## [What you have to do]
Transcribe, word for word and without additions, each line below from the one containing "119教室举行。西北政法大学" through the one containing "予約販売【 CYAN TOKYO", both ends included.
[Opening Excerpted records section]
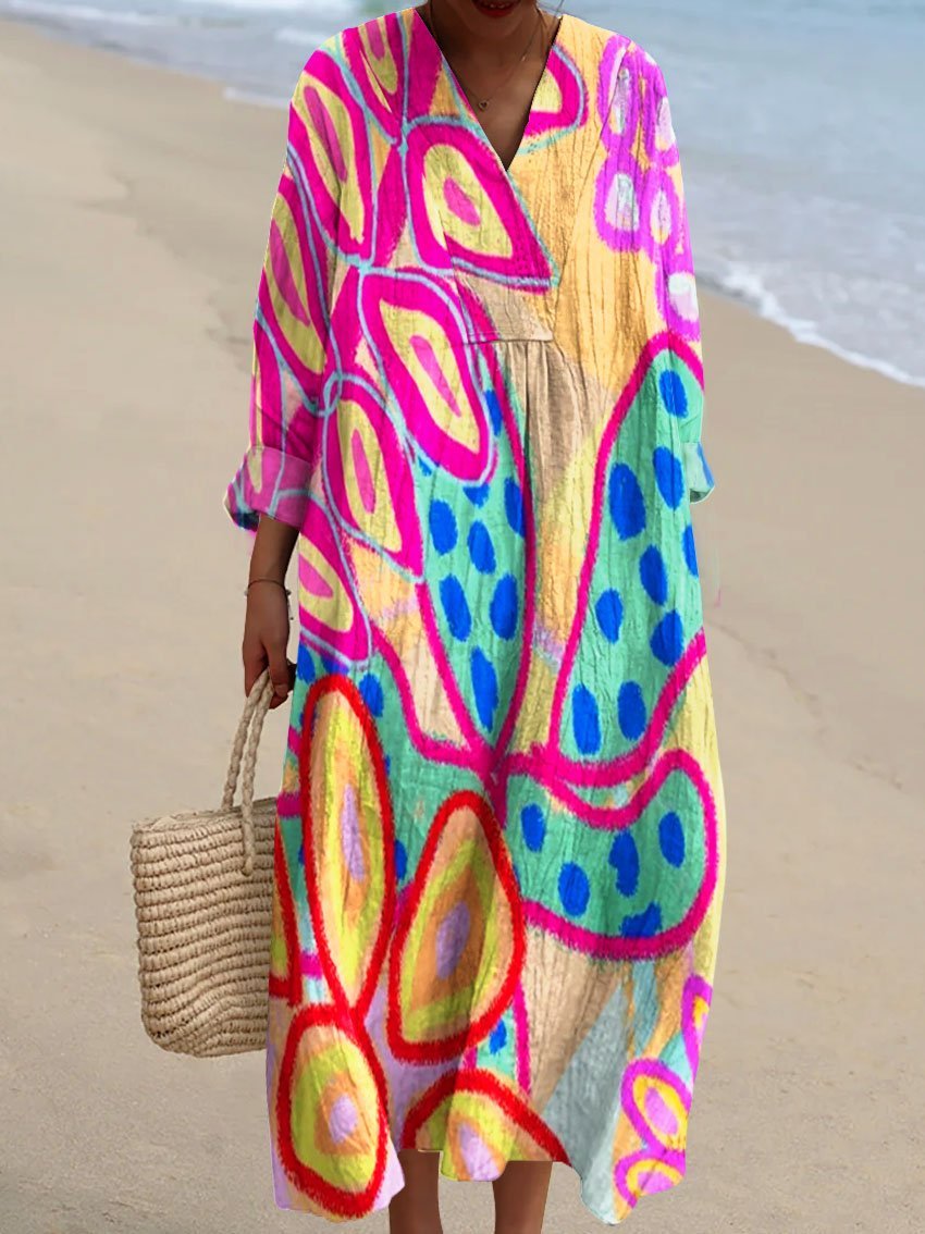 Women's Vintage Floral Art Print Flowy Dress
[Closing Excerpted records section]
[Opening Excerpted records section]
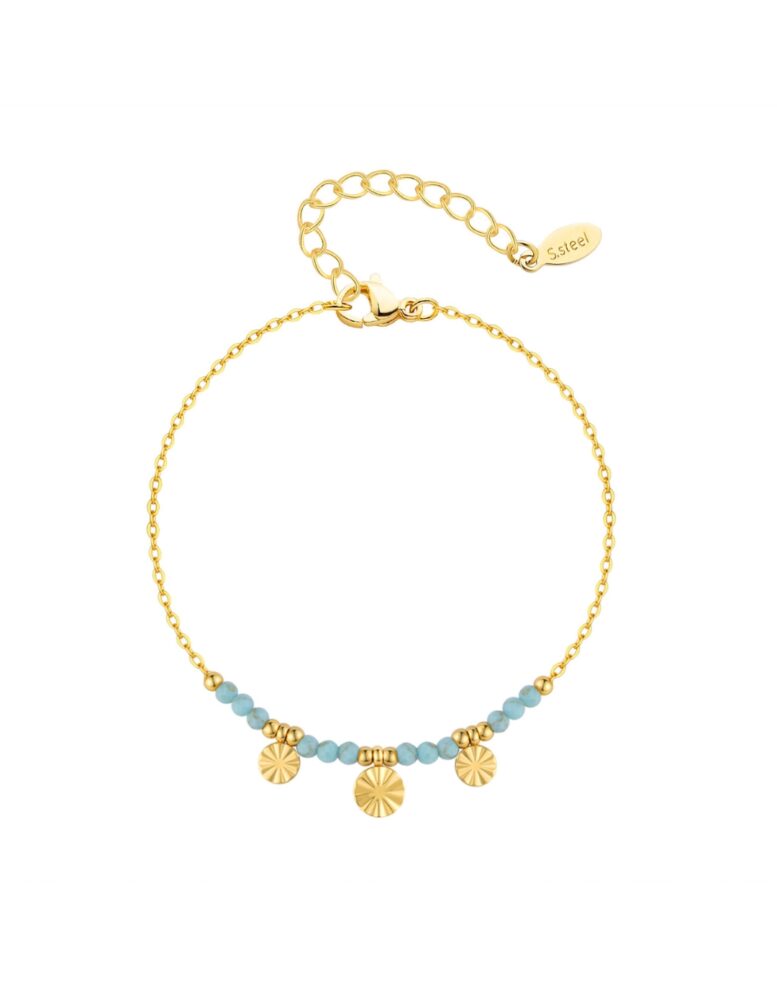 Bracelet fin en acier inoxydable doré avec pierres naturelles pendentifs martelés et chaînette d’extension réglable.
[Closing Excerpted records section]
[Opening Excerpted records section]
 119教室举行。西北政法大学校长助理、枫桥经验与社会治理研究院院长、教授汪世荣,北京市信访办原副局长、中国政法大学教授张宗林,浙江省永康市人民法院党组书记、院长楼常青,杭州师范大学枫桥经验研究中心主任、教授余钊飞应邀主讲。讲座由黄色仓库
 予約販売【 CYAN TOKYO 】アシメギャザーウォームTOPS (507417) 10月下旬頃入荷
[Closing Excerpted records section]
## [Exercise solution]
 119教室举行。西北政法大学校长助理、枫桥经验与社会治理研究院院长、教授汪世荣,北京市信访办原副局长、中国政法大学教授张宗林,浙江省永康市人民法院党组书记、院长楼常青,杭州师范大学枫桥经验研究中心主任、教授余钊飞应邀主讲。讲座由黄色仓库
 予約販売【 CYAN TOKYO 】アシメギャザーウォームTOPS (507417) 10月下旬頃入荷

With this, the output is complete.